Metadata-Version: 2.1
Name: chkweb
Version: 0.1.5
Summary: A very simple web crawler and checker
Home-page: https://github.com/euribates/chkweb.git
License: GPL-3.0-or-later
Author: Juan Ignacio Rodriguez de Leon
Author-email: euribates@gmail.com
Requires-Python: >=3.8,<4.0
Classifier: License :: OSI Approved :: GNU General Public License v3 or later (GPLv3+)
Classifier: Programming Language :: Python :: 3
Classifier: Programming Language :: Python :: 3.8
Classifier: Programming Language :: Python :: 3.9
Requires-Dist: fire (>=0.4.0,<0.5.0)
Requires-Dist: prettyconf (>=2.2.1,<3.0.0)
Requires-Dist: requests (>=2.25.1,<3.0.0)
Project-URL: Repository, https://github.com/euribates/chkweb.git
Description-Content-Type: text/markdown

## ChkWeb

This is a very simple web crawler to check the public webpages
in a webserver.

to use, call the subcommand start with the URL to crawl:

    chkweb start http://localhost/

This will create a sqlite3 database ``pages.db`` whith the urls being
detected by the spyder. It also checks this first page and add all the locals
links to the database as pending url to be checked. Now you can run:

    chkweb advance

to continue the crawling process. This is going to take at most 10
pending url and repeat the process with each of then.
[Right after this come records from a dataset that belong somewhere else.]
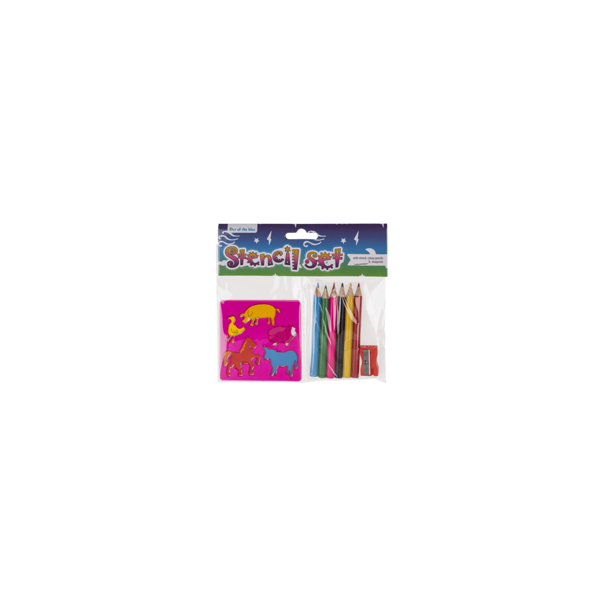 Un kit creativo que lo tiene todo para que niñas y niños den rienda suelta a su imaginación. Este set escolar incluye una plantilla de dibujo (stencil), seis lápices de colores surtidos y un sacapuntas, todo presentado en un práctico estuche con cierre. Está disponible en cuatro modelos diferentes, cada uno con diseños únicos: desde animales de granja hasta elementos del espacio o el clima, para inspirar dibujos y juegos temáticos.
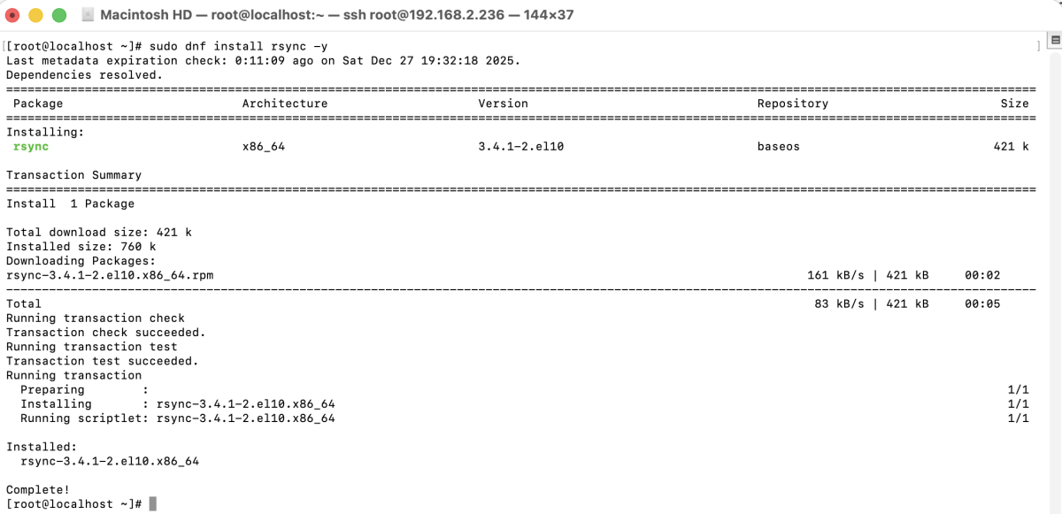Congratulations! You have successfully installed rsync on AlmaLinux 10.
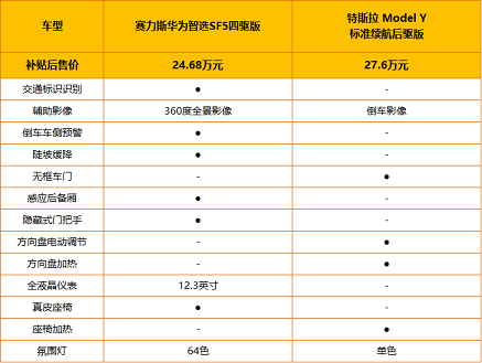 那么赛力斯华为智选SF5这边呢,四驱高性能版也只要24.68万元,后驱版21.68万元,价格是低了不少的。配置层面呈现出的区别倒是有点意思,我们以赛力斯华为智选SF5 四驱版和特斯拉 Model Y 标准续航后驱版作为对比对象,不去考虑动力性能,得出的结论非常有意思。
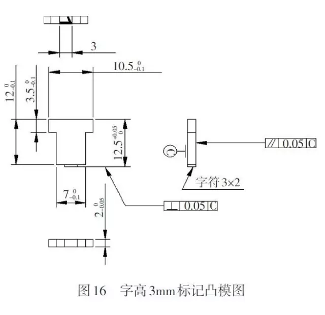 ①當標記16個字符(16×1-3×2)即1排16個字符,字高3mm,字寬2mm時,尺寸要求:圖9凸面區域尺寸≥10×43mm,圖9凹面區域尺寸≥20×73mm。
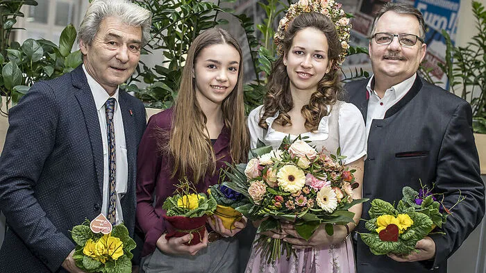 Gerhard Wastl (LWK-Obmann der Gärntner), Kleine-Schnupperpraktikantin Valentina Harisch, "Valentina" Franzi Mayer und Kurt Glantschnig (WK-Innungsmeister Gärtner und Floristen)
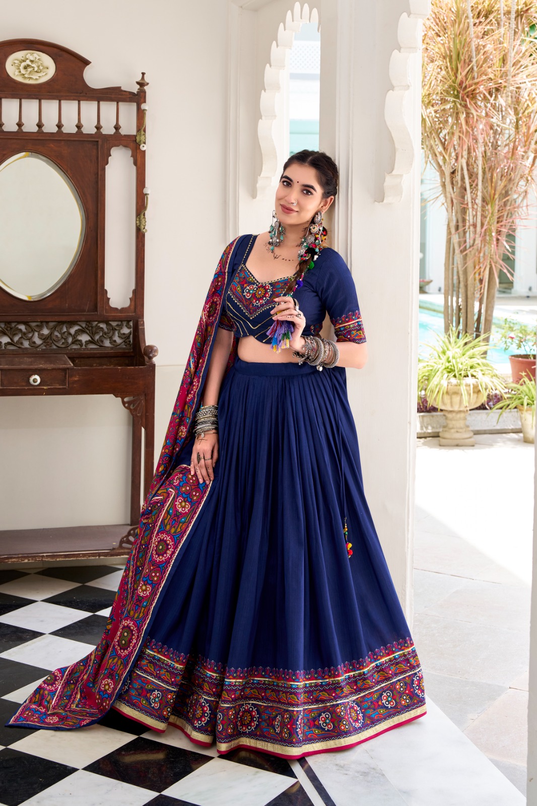 Navy blue Tasar Gamthi Print Work Lehenga Choli
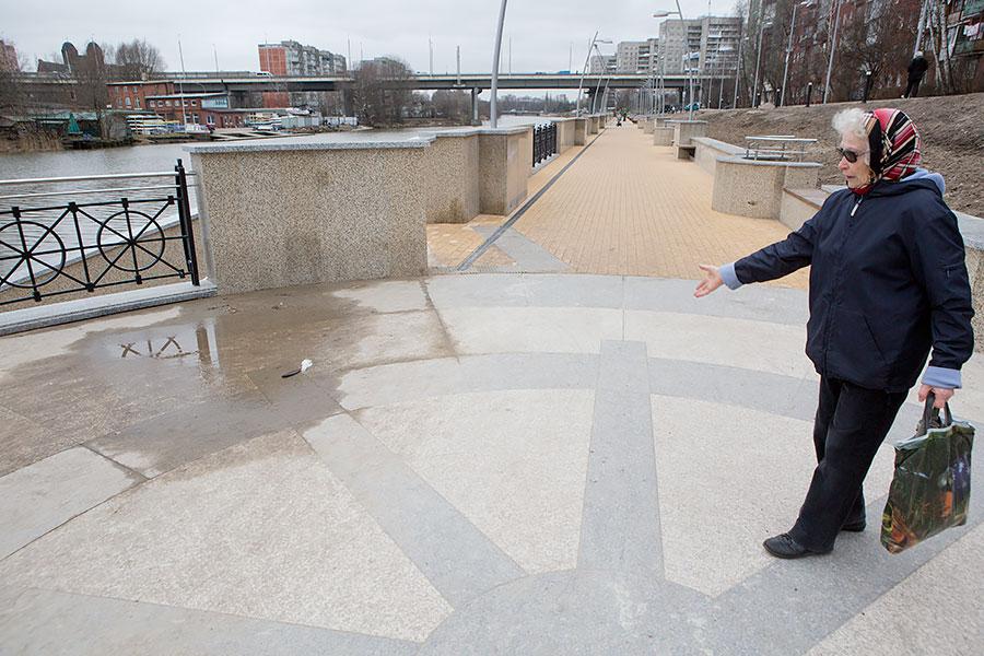 Утром в среду, увидев корреспондента с фотоаппаратом, местная жительница Нина Яковлевна, прогуливавшаяся по набережной, решительно заявила: «Пойдёмте со мной, я покажу вам место, где лужа не высыхает уже неделю!» Лужа на самом деле есть на одной из площадок с орнаментом штурвала. По мнению Нины Яковлевны, это явное свидетельство того, что в этом месте не обеспечен слив дождевой воды. Женщина, которая живёт на Трибуца уже 40 лет, вообще настроена очень решительно. Нина Яковлевна говорит, что пыталась добраться до начальства

You can define the maximun
amount of new urls to be checked setting the environment variable `CHKWEB_ADVANCE_LIMIT` or
 setting the `--limit` command line option, like in this example:

    chkweb advance --limit 1000

### Checking process status

You can check the current process status with the subcommand `status`, like this:

    chkweb status

### Logs

A log file is stored in ``logs/chklog.log``. You can change the
log level either in the settings file or declaring a environment variable
named ``CHKWEB_LOG_LEVEL`` to the desired level. It is set to ``ERROR``
by default.

### TODO things

- Add a plugin system to perform custom checks

- Add a new subcommand to make the tests from a given list of urls

- Add an option to select the name and path of the database file. Alos include
  in the `settings.py` file.

### DONE things

- add an option in the `advance` command to set the number of pages
  being analized in every call. Set to 0 to indicate continue until all the
  pages are analized [DONE 0.1.4]

- logs stored in some other location [DONE 0.1.2]
- Subcommand list to list the URLs in the database [DONE 0.1.2]
- Subcommand init to delete the database and start a new crawl proces [DONE 0.1.2]
- subcommand run to get a URL form the pending list and check it [DONE 0.1.2]